## Exercise details
Write out every entry precisely as given, leaving the pictures out.

Recorded data
========================================
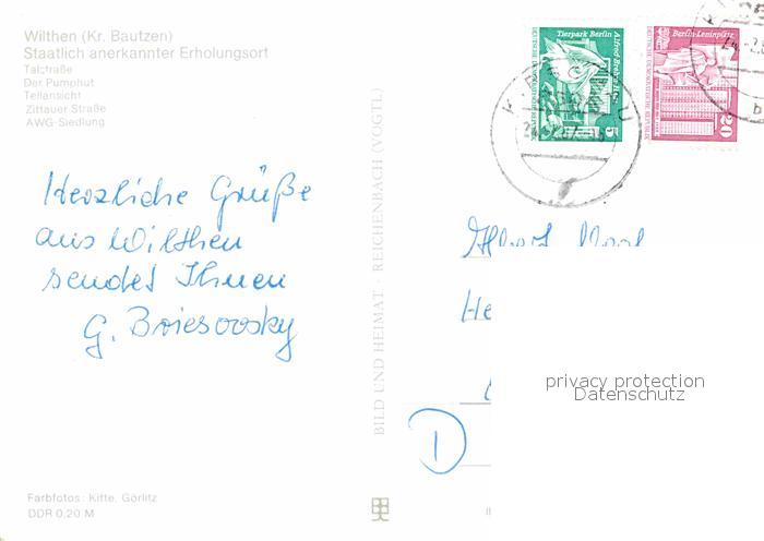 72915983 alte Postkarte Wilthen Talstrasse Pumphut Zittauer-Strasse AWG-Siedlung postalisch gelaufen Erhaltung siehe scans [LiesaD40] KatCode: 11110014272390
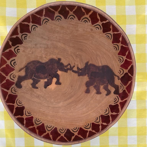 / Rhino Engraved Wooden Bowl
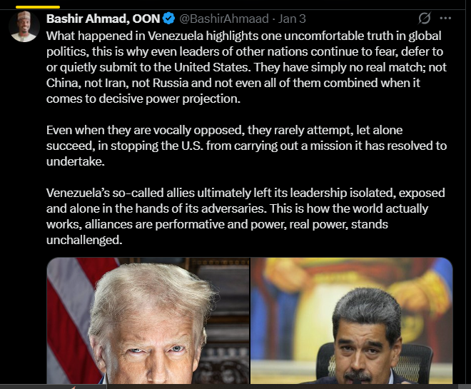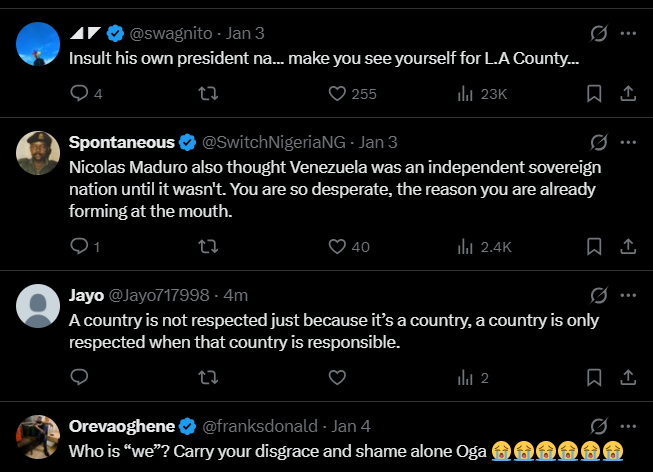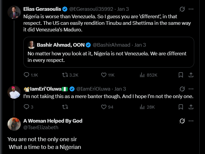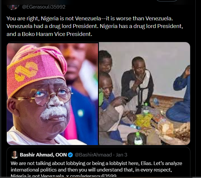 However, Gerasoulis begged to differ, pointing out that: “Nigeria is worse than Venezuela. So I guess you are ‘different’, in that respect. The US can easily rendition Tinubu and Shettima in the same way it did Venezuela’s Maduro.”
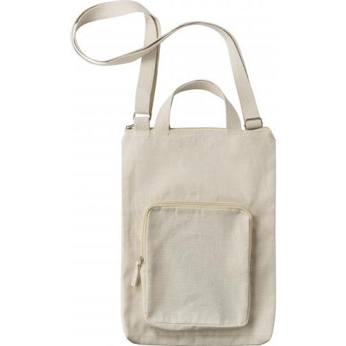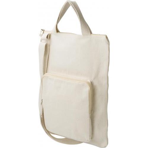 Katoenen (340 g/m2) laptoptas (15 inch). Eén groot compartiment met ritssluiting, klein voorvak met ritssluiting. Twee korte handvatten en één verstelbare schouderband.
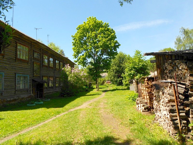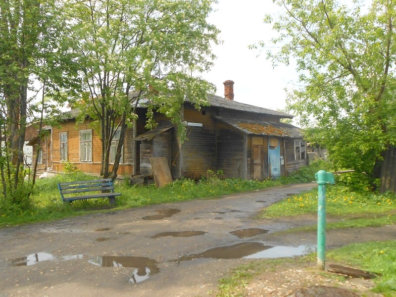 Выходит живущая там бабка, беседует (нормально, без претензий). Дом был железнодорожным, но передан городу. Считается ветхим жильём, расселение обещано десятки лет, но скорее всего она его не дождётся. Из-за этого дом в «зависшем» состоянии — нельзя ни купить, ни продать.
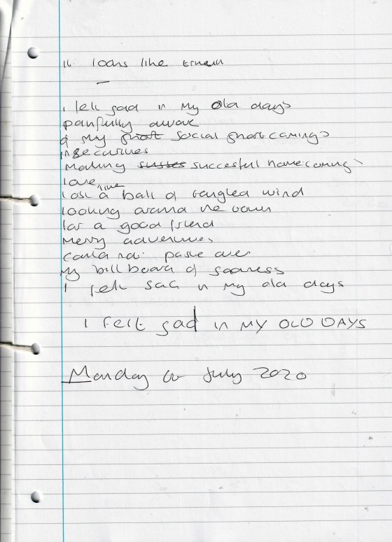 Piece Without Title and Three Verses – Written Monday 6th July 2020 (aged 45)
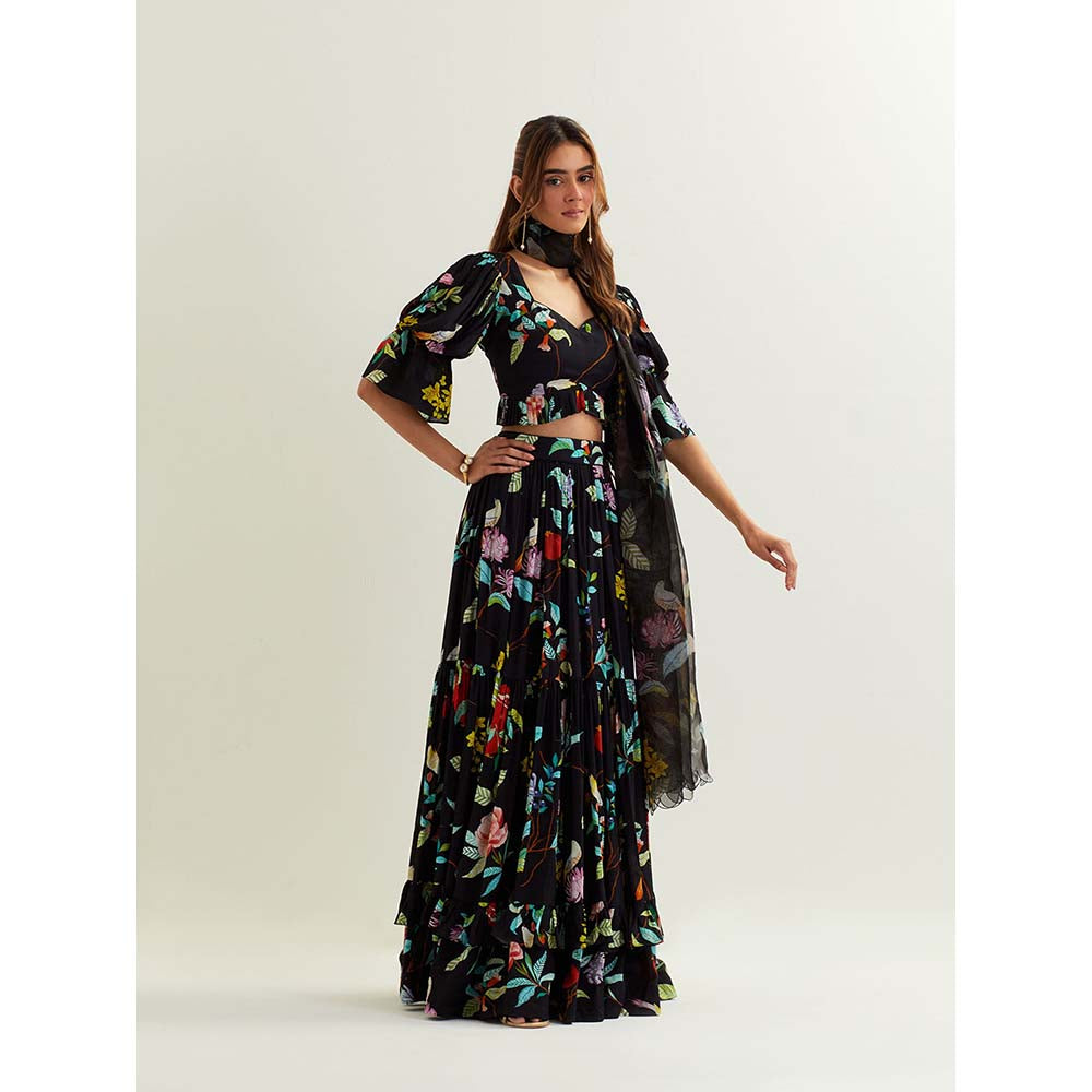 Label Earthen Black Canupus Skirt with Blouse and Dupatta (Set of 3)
========================================
## Result for this exercise
 72915983 alte Postkarte Wilthen Talstrasse Pumphut Zittauer-Strasse AWG-Siedlung postalisch gelaufen Erhaltung siehe scans [LiesaD40] KatCode: 11110014272390
 / Rhino Engraved Wooden Bowl
 However, Gerasoulis begged to differ, pointing out that: “Nigeria is worse than Venezuela. So I guess you are ‘different’, in that respect. The US can easily rendition Tinubu and Shettima in the same way it did Venezuela’s Maduro.”
 Katoenen (340 g/m2) laptoptas (15 inch). Eén groot compartiment met ritssluiting, klein voorvak met ritssluiting. Twee korte handvatten en één verstelbare schouderband.
 Выходит живущая там бабка, беседует (нормально, без претензий). Дом был железнодорожным, но передан городу. Считается ветхим жильём, расселение обещано десятки лет, но скорее всего она его не дождётся. Из-за этого дом в «зависшем» состоянии — нельзя ни купить, ни продать.
 Piece Without Title and Three Verses – Written Monday 6th July 2020 (aged 45)
 Label Earthen Black Canupus Skirt with Blouse and Dupatta (Set of 3)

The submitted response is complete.